TASK INSTRUCTIONS
Although the records contain pictures, none belong in the copy: restate word for word only the lines from the one with "- OLT(光线路终端):负" through the one with "Chocolate Pecan Pie", both included.

PROVIDED RECORDS
* * * * * * *
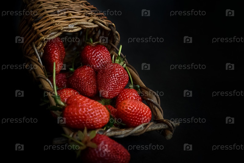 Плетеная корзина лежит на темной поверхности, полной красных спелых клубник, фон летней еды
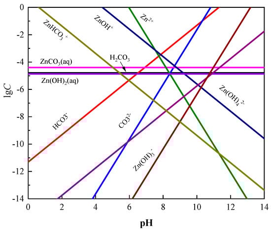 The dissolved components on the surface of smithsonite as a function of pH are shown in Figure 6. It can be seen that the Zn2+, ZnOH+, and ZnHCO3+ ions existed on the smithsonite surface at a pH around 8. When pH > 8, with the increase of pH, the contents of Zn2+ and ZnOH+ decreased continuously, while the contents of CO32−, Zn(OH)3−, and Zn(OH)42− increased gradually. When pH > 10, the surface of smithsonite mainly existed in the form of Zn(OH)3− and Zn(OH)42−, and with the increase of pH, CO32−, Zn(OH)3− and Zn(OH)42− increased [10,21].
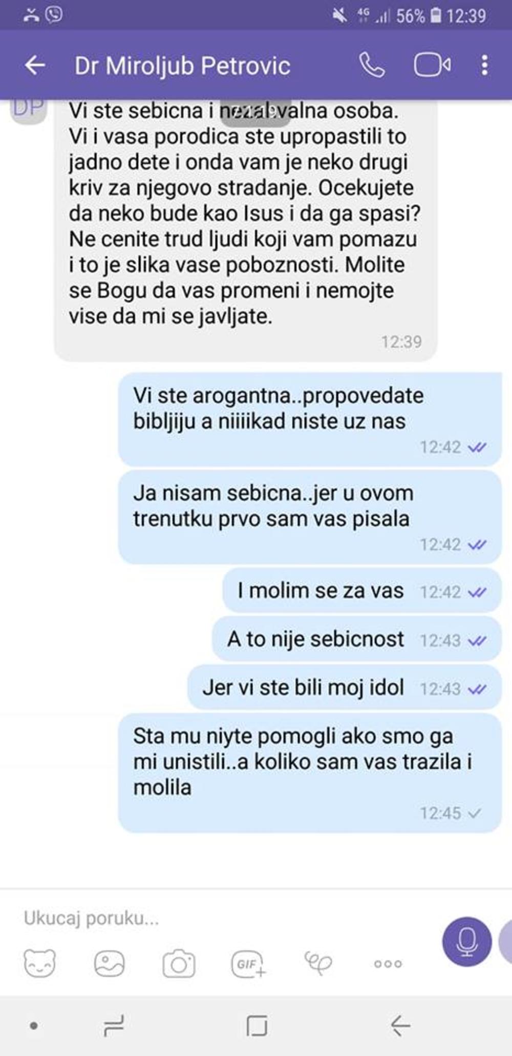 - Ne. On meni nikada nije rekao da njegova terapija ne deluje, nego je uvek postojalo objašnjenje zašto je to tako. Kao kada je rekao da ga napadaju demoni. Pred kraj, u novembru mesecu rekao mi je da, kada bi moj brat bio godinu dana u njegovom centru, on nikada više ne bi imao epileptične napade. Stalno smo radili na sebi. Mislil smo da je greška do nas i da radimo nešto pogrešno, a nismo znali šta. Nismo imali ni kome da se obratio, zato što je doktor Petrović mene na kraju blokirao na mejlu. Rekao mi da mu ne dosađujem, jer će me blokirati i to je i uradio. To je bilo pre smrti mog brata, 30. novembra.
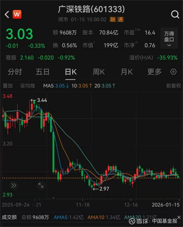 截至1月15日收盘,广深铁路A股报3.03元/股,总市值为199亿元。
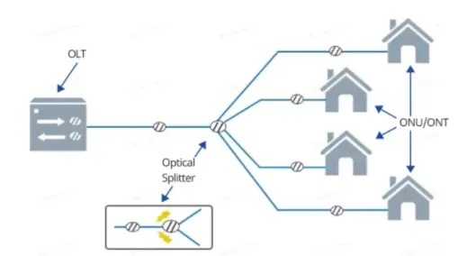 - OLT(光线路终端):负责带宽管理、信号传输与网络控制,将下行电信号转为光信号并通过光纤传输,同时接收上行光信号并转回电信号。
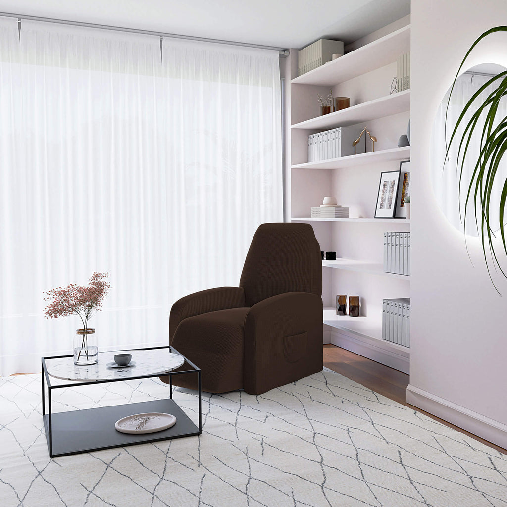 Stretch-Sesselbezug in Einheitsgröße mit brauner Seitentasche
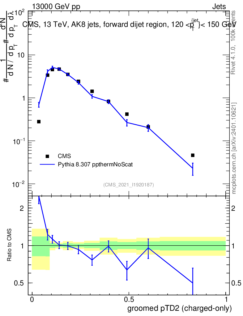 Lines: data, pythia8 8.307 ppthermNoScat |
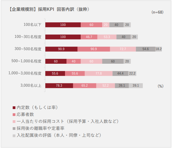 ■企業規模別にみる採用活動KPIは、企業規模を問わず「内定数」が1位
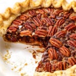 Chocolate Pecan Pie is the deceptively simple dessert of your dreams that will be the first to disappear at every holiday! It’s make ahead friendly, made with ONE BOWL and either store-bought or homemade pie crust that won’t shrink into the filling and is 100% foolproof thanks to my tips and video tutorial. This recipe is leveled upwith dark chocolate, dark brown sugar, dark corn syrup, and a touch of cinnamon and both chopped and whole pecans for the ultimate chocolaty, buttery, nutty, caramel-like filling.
* * * * * * *
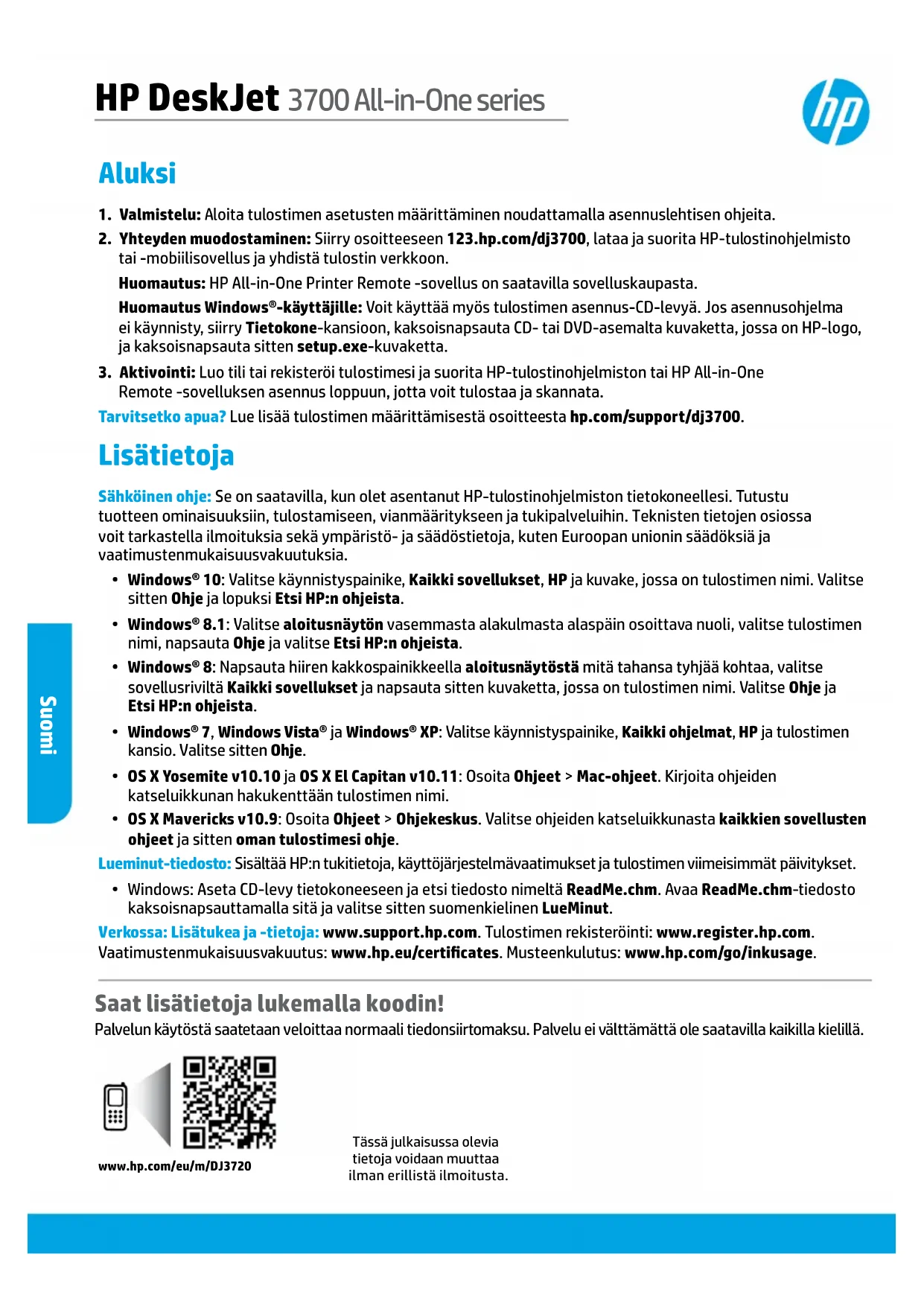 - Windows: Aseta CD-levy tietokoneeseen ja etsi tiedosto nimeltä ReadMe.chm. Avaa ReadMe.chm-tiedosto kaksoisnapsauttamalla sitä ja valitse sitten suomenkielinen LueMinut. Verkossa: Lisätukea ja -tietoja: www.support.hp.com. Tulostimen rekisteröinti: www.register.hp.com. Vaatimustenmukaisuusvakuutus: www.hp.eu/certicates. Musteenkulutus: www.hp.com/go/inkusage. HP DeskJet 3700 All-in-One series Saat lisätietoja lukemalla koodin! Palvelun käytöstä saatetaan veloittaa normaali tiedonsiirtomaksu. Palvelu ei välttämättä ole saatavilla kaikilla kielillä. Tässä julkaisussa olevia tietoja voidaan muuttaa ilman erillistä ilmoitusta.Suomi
* * * * * * *
WRITTEN RESPONSE
 - OLT(光线路终端):负责带宽管理、信号传输与网络控制,将下行电信号转为光信号并通过光纤传输,同时接收上行光信号并转回电信号。
 Stretch-Sesselbezug in Einheitsgröße mit brauner Seitentasche
 Lines: data, pythia8 8.307 ppthermNoScat |
 ■企業規模別にみる採用活動KPIは、企業規模を問わず「内定数」が1位
 Chocolate Pecan Pie is the deceptively simple dessert of your dreams that will be the first to disappear at every holiday! It’s make ahead friendly, made with ONE BOWL and either store-bought or homemade pie crust that won’t shrink into the filling and is 100% foolproof thanks to my tips and video tutorial. This recipe is leveled upwith dark chocolate, dark brown sugar, dark corn syrup, and a touch of cinnamon and both chopped and whole pecans for the ultimate chocolaty, buttery, nutty, caramel-like filling.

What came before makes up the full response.